** Opening Data for the task block **

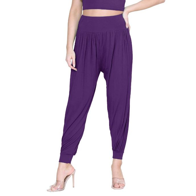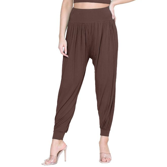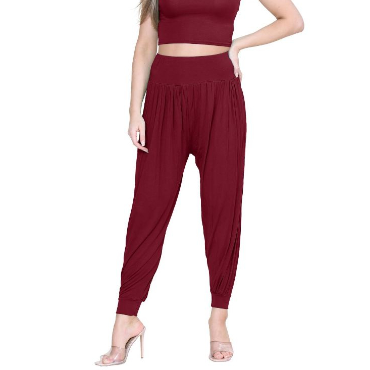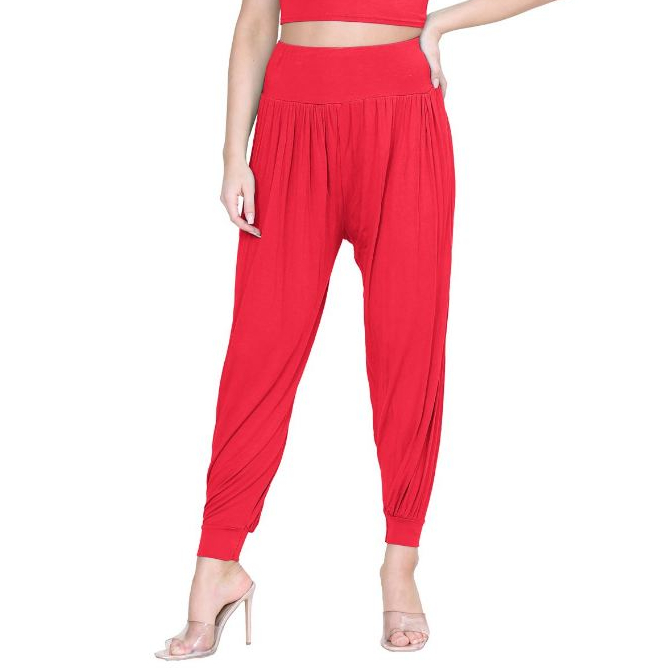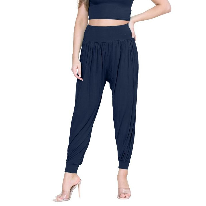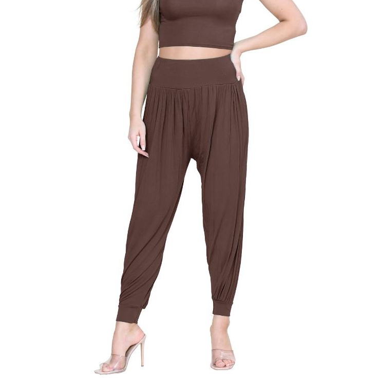 Calça Feminina Saruel Soltinha Franzida Cintura Alta Malha Viscolycra Com Forro
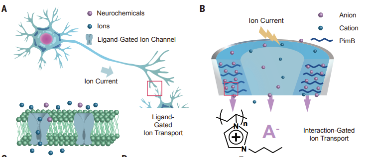 神经元(A)和纳流体忆阻器(B)示意图
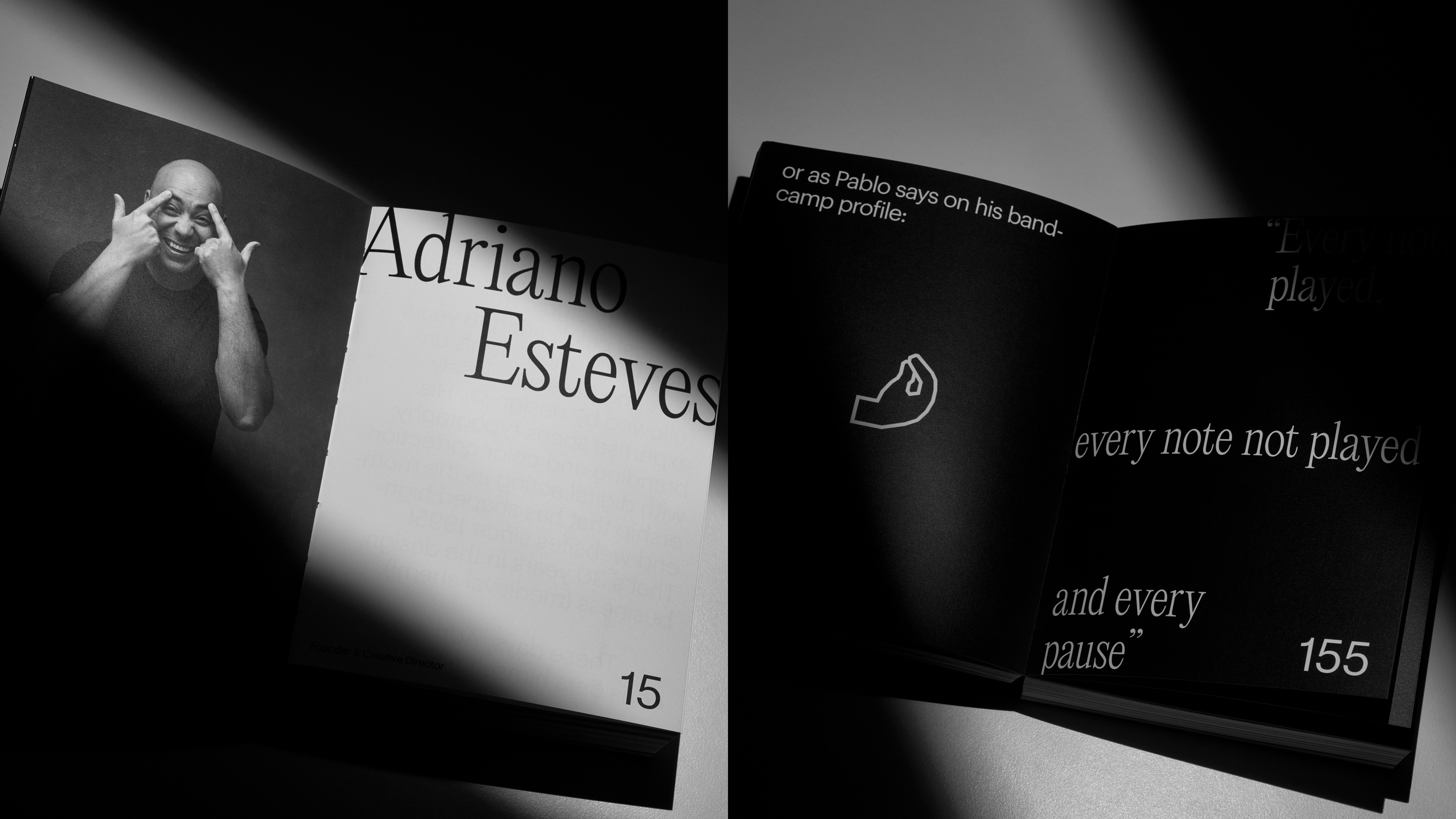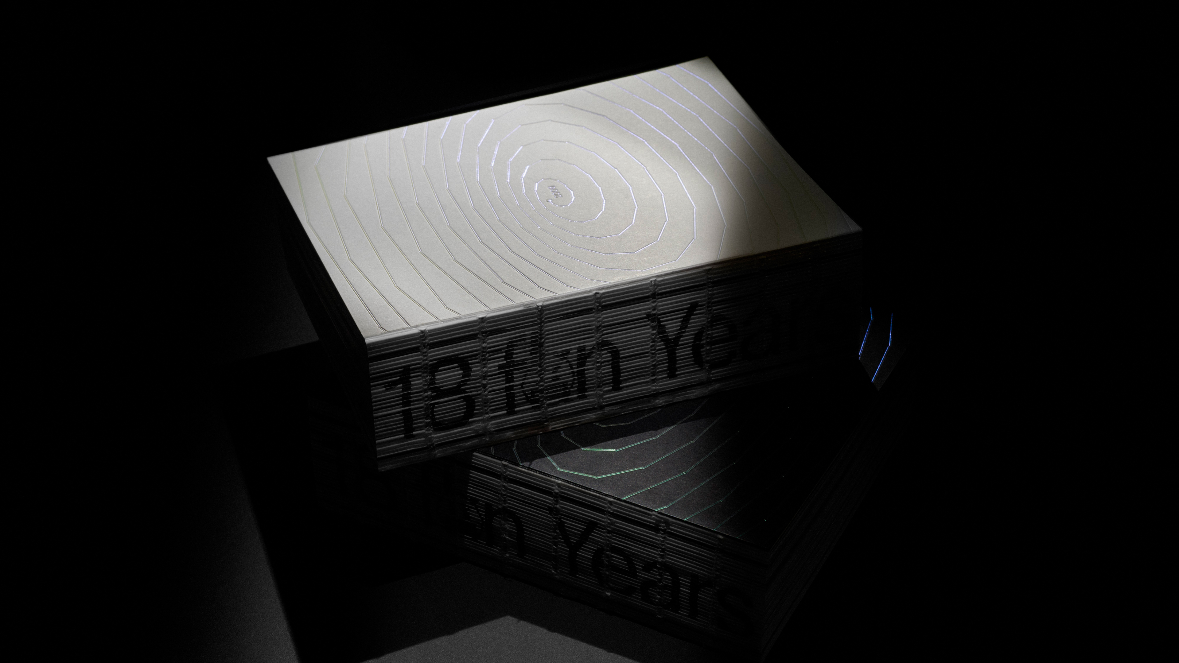 Intentionally small in format, tactile and intimate. Set in our custom Gräphik typeface, with added emojis and alternate glyphs. The cover carries our aliased spiral, finished with transparent holographic foil over fluted embossing. Crafted by our longtime partners at Dot Studio using the Gmund Bauhaus black and white paper range. Why this paper? Because it embodies the same principle. Pure materiality, real quality and a modern, straightforward, simple design, in sync with the website’s black and white palette. The foiling stands as a deliberate counterpoint to the rest of the book’s specifications. A craft jewel that reflects the level of design we deliver.
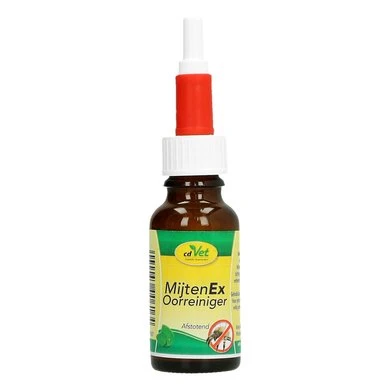 MijtenEx Oorreiniger is een compositie van etherische oliën ter afweer en ter reiniging en verzorging van geïrriteerde en gevoelige buitenste gehoorgangen bij honden, katten en andere huisdieren.
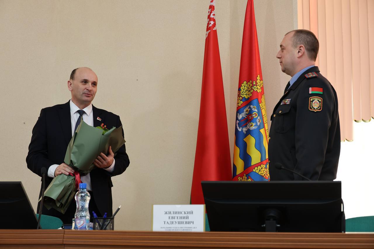 Сегодня в Солигорском райисполкоме начальник УВД Миноблисполкома Андрей Любимов представил нового начальника Солигорского РОВД полковника милиции Евгения Жилинского председателю исполкома Анатолию Лодыга, руководителям управлений и отделов, а также представителям силового блока района.
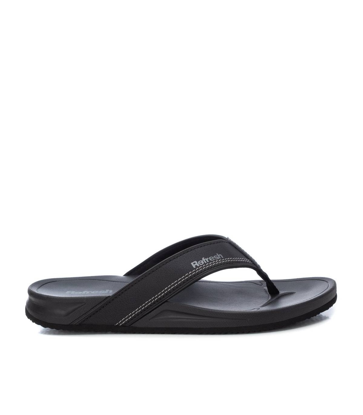 Sandalia de hombre, de la marca Refresh. Fabricada en caucho. Modelo tipo esclava con tiras anchas. Suela de goma antideslizante. Este modelo ha obtenido el certificado vegano por la organización mundial PETA (Organización de los derechos de los animales).
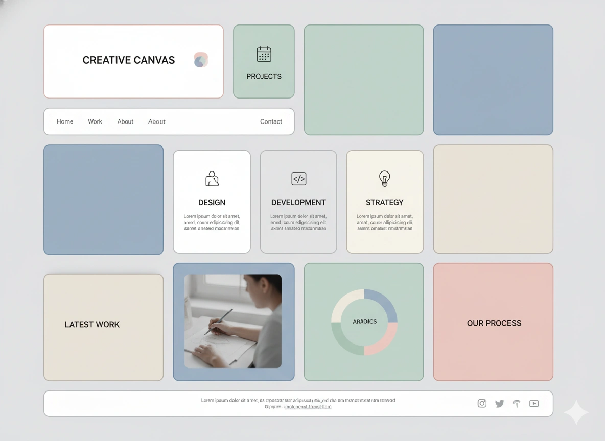 Blocos geométricos (retos ou arredondados), estrutura de grid clara, cores pastéis ou neutras, conteúdo separado visualmente.
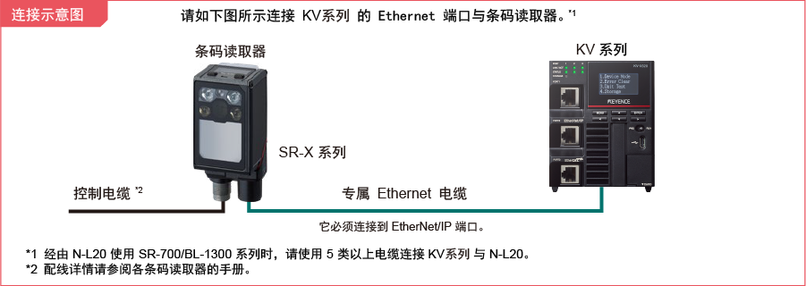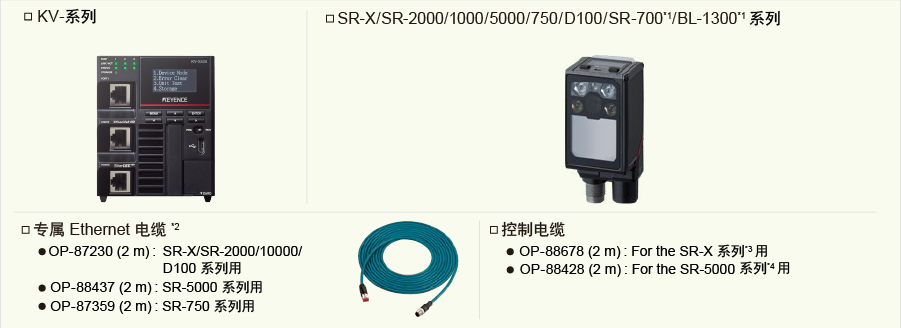 ※1 使用 SR-700/BL-1300 系列時(shí),需要 N-L20(需另外購買)。 ※2 這是連接讀碼器和 PLC 的電纜。使用 N-L20 時(shí)不需要此專用電纜。 ※3 此電纜用於連接 24 V 電源供應(yīng)器、I/O 端子和 RS-232C 連接埠。 ※4 使用 SR-5000 系列時(shí),請(qǐng)使用 OP-88437 或類似的選購電源線。
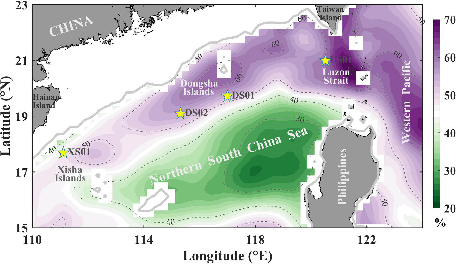 The ratio of standard deviation (STD) of 10–110-day band-passed SLA to that of the raw SLA (i.e., STD of 10–110-day SLA/STD of raw SLA) is shown in Figure 1, demonstrating the contribution of ISV to the total variability. The ISV dominated the variability of SLA in the Luzon Strait and along the northern slope (Figure 1). It accounted for 25–70% (with an average value of ∼49%) of the total variability in the NSCS. In particular, ISV explained more than 50% of the total variability on the slope and ∼70% in the Luzon Strait. ISV weakened westward from the Luzon Strait to Xisha Islands.
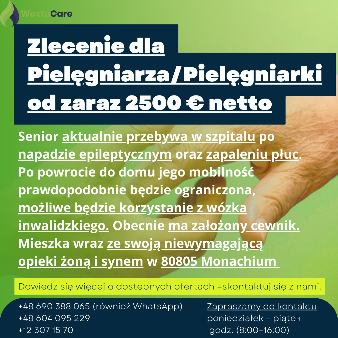 Zlecenie dla Pielęgniarza/Pielęgniarki od zaraz 2500 € netto
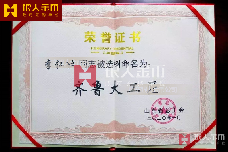 山東省委省政府省人社廳省總工會齊魯大工匠獎章勛章齊魯大工匠獎杯獎牌證書(圖)
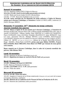 Annonces paroissiales samedi 16 au dimanche 24 novembre

** Closing Data for the task block **

**Work order:** Pictures are to be omitted from the copy. Reproduce exactly, and only, the lines from the one containing "系列時(shí),請(qǐng)使用 OP-88437 或類似的選購電源線。" to the end of the listing above.

**Answer to the exercise:**
 ※1 使用 SR-700/BL-1300 系列時(shí),需要 N-L20(需另外購買)。 ※2 這是連接讀碼器和 PLC 的電纜。使用 N-L20 時(shí)不需要此專用電纜。 ※3 此電纜用於連接 24 V 電源供應(yīng)器、I/O 端子和 RS-232C 連接埠。 ※4 使用 SR-5000 系列時(shí),請(qǐng)使用 OP-88437 或類似的選購電源線。
 The ratio of standard deviation (STD) of 10–110-day band-passed SLA to that of the raw SLA (i.e., STD of 10–110-day SLA/STD of raw SLA) is shown in Figure 1, demonstrating the contribution of ISV to the total variability. The ISV dominated the variability of SLA in the Luzon Strait and along the northern slope (Figure 1). It accounted for 25–70% (with an average value of ∼49%) of the total variability in the NSCS. In particular, ISV explained more than 50% of the total variability on the slope and ∼70% in the Luzon Strait. ISV weakened westward from the Luzon Strait to Xisha Islands.
 Zlecenie dla Pielęgniarza/Pielęgniarki od zaraz 2500 € netto
 山東省委省政府省人社廳省總工會齊魯大工匠獎章勛章齊魯大工匠獎杯獎牌證書(圖)
 Annonces paroissiales samedi 16 au dimanche 24 novembre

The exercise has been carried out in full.